# A divorce 'agreement' is only worth the paper it is written on...



## itscomplicatedforsure (May 30, 2013)

When we divorced, the ex and I came to a settlement agreement through working with our attorneys. The divorce was final over a year and a half ago, and he has failed to take care of his obligations as outlined in the settlement. I did so within 2 months of the divorce becoming final. I am now spending money I don't have to 'enforce' an existing court order. The system sucks, my ex sucks, and I wish I had known half of what I know now before I signed the settlement papers. 
For all of you going down that road, be careful what you agree to. 
Not sorry I got the divorce, just sorry I married who I did to begin with....


----------



## lenzi (Apr 10, 2012)

itscomplicatedforsure said:


> For all of you going down that road, be careful what you agree to.


That's a good point but not really the reason you've got problems.

It's not what you agreed to, it's the fact that the system is so slow, inefficient, and expensive that even if you've got an agreement that you can live with, if the other party doesn't honor their promises, it sometimes isn't worth the time, effort, aggravation and expense to go after them.

One thing to consider that if he's found in contempt, in many jurisdictions he'll have to pay your legal fees along with anything else he owes you or he'll face jail time. 



itscomplicatedforsure said:


> Not sorry I got the divorce, just sorry I married who I did to begin with....


Next time don't get married. I know I won't.


----------



## itscomplicatedforsure (May 30, 2013)

lenzi said:


> That's a good point but not really the reason you've got problems.
> 
> It's not what you agreed to, it's the fact that the system is so slow, inefficient, and expensive that even if you've got an agreement that you can live with, if the other party doesn't honor their promises, it sometimes isn't worth the time, effort, aggravation and expense to go after them.
> 
> ...


No worries there. Who needs it.


----------



## SurpriseMyself (Nov 14, 2009)

itscomplicatedforsure said:


> For all of you going down that road, be careful what you agree to.


What would you have done differently? What advice can you give? I want to divorce but am scared that I don't know what to do/not do. I don't want to end up in a bad situation.


----------



## itscomplicatedforsure (May 30, 2013)

ebp123 said:


> What would you have done differently? What advice can you give? I want to divorce but am scared that I don't know what to do/not do. I don't want to end up in a bad situation.


Well, obviously, I am no expert. And I only have my own experience to base it on, but I can share that. 

*Any credit card debt? Deal with it before the divorce.* 
We didn't have a lot, but in the settlement split what we had 50/50, except for one card that was totally his (legal fees). Within 6 weeks of the divorce being made final, I had opened a new card in my name and transferred the 1/2 that I was ordered to pay to that card. Now 18 months after the divorce, he has not done so, and has made multiple late payments. The credit card companies do not care what the divorce settlement says. My name is on the accounts, it affects my credit, and I have collectors calling me for payment.

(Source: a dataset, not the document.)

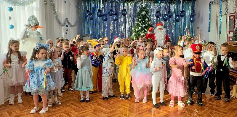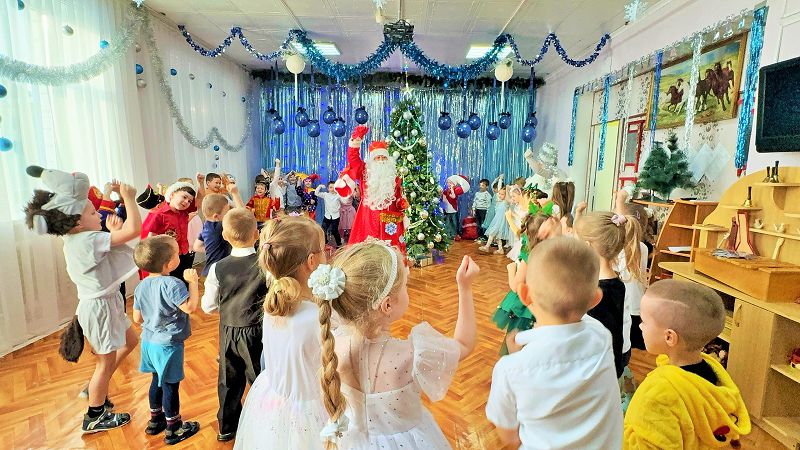 На развлечении дети веселились у новогодней елки: играли, танцевали и пели песни. А в конце праздника ёлочка погасила свои огоньки…
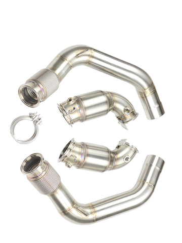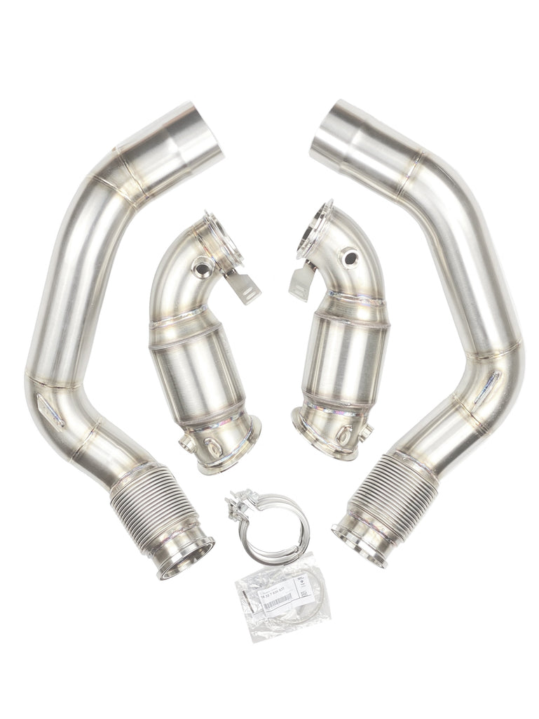 Les downpipes BMW X5M F95 X-Drive 4.4i V8 S63 2019-2022 (haut et bas) sont équipés de catalyseurs sport à flux élevé 200 CPSI. Si vous souhaitez ajouter plus de puissance à votre BMW X5M F95 et la rendre plus excitante et brutale, vous avez absolument besoin des downpipes avec catalyseurs sport à flux élevé 200 CPSI fabriqués par BRONDEX®.

*Child support? Insist that it be paid through the court system.* 
He agreed to pay more support than required to allow me to stay in the house and avoid trying to sell a house that needs lots of work. At the time of our divorce, the market was really bad, and it would have taken forever to sell, and likely at a loss. He needed the equity I would owe him if I stayed to buy a house, and I was okay with staying with the extra support so that I could afford it. We had a very difficult time reaching an agreement, and one sticking point was that he did NOT want the child support garnished from his wages. Too embarrassing for him for some reason (misplaced pride, which I guess was one of many issues in the marriage.) My attorney convinced me to allow the ex to pay me directly. Well, he stopped paying, now I have to go through the hoops to enforce an existing court order (the divorce settlement). 

Bottom line, just because it's 'ordered' to happen in the divorce decree, someone has to enforce it if it doesn't, which means attorney fees for the party trying to get it enforced. 

My decree also states that whoever doesn't abide by the terms of the divorce decree must pay the attorney fees incurred by the other party. But, again, if they don't pay, you have to find a way to make them pay. More fees.

I would have definitely done things differently had I know how it all worked (Yeah right, works. The system doesn't work, it is BROKEN.).

I am over it all, and just want to move on. There is nothing civil left in this relationship, and never will be.


----------